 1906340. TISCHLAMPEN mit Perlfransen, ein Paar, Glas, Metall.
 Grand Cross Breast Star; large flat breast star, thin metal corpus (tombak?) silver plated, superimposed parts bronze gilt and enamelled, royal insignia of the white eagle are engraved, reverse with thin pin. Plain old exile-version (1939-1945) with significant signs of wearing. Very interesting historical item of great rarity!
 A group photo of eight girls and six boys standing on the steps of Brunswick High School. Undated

==

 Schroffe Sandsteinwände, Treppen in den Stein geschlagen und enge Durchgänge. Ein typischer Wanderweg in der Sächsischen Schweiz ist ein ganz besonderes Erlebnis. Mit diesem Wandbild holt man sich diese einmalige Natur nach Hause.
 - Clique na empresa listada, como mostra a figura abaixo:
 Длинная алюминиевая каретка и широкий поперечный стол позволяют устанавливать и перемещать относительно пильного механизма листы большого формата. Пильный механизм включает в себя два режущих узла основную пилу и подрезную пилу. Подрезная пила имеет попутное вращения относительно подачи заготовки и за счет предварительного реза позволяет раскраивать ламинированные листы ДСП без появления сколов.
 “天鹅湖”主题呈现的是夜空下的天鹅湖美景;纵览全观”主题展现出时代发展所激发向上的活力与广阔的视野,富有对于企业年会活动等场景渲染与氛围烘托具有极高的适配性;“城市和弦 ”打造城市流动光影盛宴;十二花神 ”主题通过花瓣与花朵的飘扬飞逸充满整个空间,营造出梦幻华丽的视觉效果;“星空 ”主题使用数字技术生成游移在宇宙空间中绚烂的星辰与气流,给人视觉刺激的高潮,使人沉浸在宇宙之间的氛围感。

### [Task objective]
From the material above, copy exactly the lines between the line holding "Grand Cross Breast" and the line holding "A group photo", inclusive, and only those.

### [Exercise result]
 Grand Cross Breast Star; large flat breast star, thin metal corpus (tombak?) silver plated, superimposed parts bronze gilt and enamelled, royal insignia of the white eagle are engraved, reverse with thin pin. Plain old exile-version (1939-1945) with significant signs of wearing. Very interesting historical item of great rarity!
 A group photo of eight girls and six boys standing on the steps of Brunswick High School. Undated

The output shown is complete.